Let’s assume that we’re running lots of different microservices, failures can become incredibly pernicious once they begin to cascade. When we find, highlight and fix potential failures before they have a chance of occurring in production, we will have made our system more resilient. We will also have built more confidence in our own system since we will have a better understanding of what the system is capable of when things go terribly south (or when we purposely throw something at it 😇).

By running these types of tests over and over again against our infrastructure, we can turn a potentially catastrophic event into a non-issue.

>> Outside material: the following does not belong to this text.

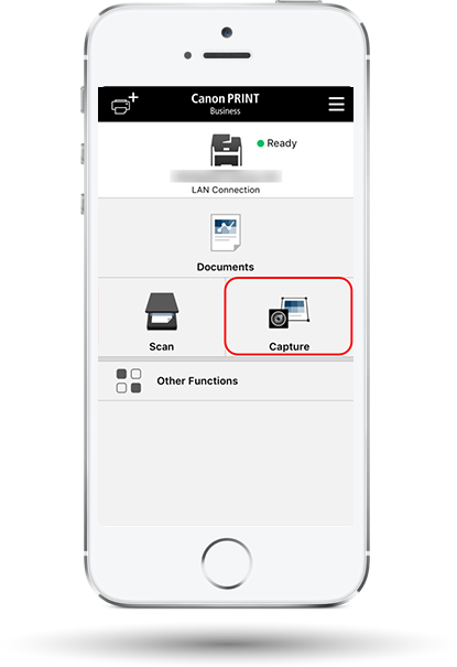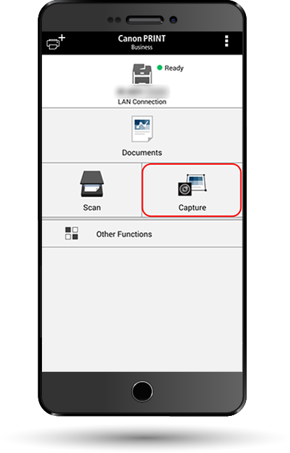 - 請在Canon PRINT Business app應用程式的首頁畫面裡,點選[擷取]。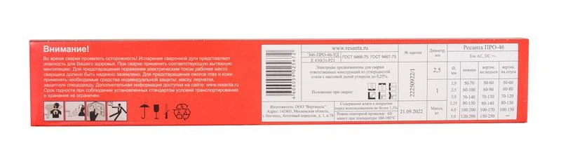 Сварочные электроды РЕСАНТА ПРО-46:• Малочувствительны к качеству подготовки кромок свариваемых деталей.• Позволяют проводить сварку оцинкованной, окрашенной, загрязненной и слегка ржавой стали, а также на обильно увлажненной поверхности.• Обладают повышенной, на 20% большей, прочностью сварного шва по сравнению с электродами марки МР-3• Позволяют выполнять сварку на предельно низких токах во всех пространственных положениях, в том числе «сверху вниз».• ПРО-46 просты в применении даже для начинающих сварщиков, в сравнении с моделями основных конкурентов, т.к. отличаются более легким начальным и повторным поджигом, мягким и стабильным горением дуги.• Малые потери металла от разбрызгивания• Отличное формирование металла шва• Легкая отделимость шлаковой корки• Возможность проводить сварку на переменном и постоянном токах, Тип товаров: Электроды РЕСАНТА, Вес в упаковке: 1 кг, Гарантия, мес.: 12, Свариваемый материал: Сталь, Покрытие: Рутиловое, Длина, мм: 350, Диаметр, мм: 2, Назначение: Универсальные, Страна бренда: Латвия, Страна производства: Россия, Модель: ПРО-46 Ф2,5 Пачка 1 кг, Штрихкод EAN-13: 4606060000000"

(Advanced) Principles of Chaos engineering

Even though the term “Chaos” might give you the impression that it involves a great deal of randomness, this is not entirely what we’re after. We aren’t looking for the piece of code that is broken either. We’re attempting to learn how the entirety of the system performs and what type of previously unknown behaviour emerges from a controlled experiment.

How do we go about doing this?

Build a hypothesis around steady-state behaviour

We define the system’s normal behaviour, we try to come up with a conclusion on how the system works and when we do something to the system, this is how it will behave! Again, Chaos engineering’s goal is not to prove how something works internally, but rather if something works. For example: if a particular back-end service goes offline, whilst a message is being sent from a client, the client will store the message in a local cache and retry in a few minutes.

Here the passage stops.